[EXERCISE AIM]
Take the material below and extract the lines from the one with "Envoyez par email" through the one with "電動ブレーキコントロールモジ", word for word, without pictures.
MATERIAL PROVIDED START
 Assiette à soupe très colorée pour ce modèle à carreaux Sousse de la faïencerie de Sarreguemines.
MATERIAL PROVIDED END
MATERIAL PROVIDED START
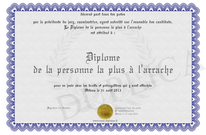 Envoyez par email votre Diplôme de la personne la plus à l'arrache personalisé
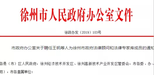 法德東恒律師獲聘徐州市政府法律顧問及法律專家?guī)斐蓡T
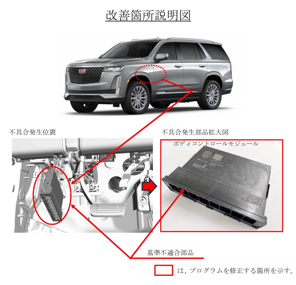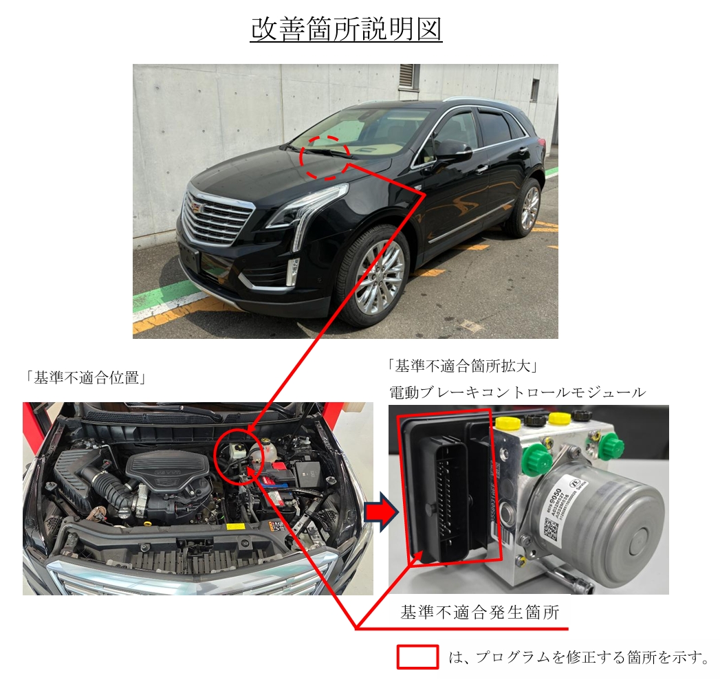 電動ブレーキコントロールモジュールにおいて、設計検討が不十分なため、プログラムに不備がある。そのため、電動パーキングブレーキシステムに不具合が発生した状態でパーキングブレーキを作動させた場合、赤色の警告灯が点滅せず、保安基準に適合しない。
MATERIAL PROVIDED END
[EXERCISE RESPONSE]
 Envoyez par email votre Diplôme de la personne la plus à l'arrache personalisé
 法德東恒律師獲聘徐州市政府法律顧問及法律專家?guī)斐蓡T
 電動ブレーキコントロールモジュールにおいて、設計検討が不十分なため、プログラムに不備がある。そのため、電動パーキングブレーキシステムに不具合が発生した状態でパーキングブレーキを作動させた場合、赤色の警告灯が点滅せず、保安基準に適合しない。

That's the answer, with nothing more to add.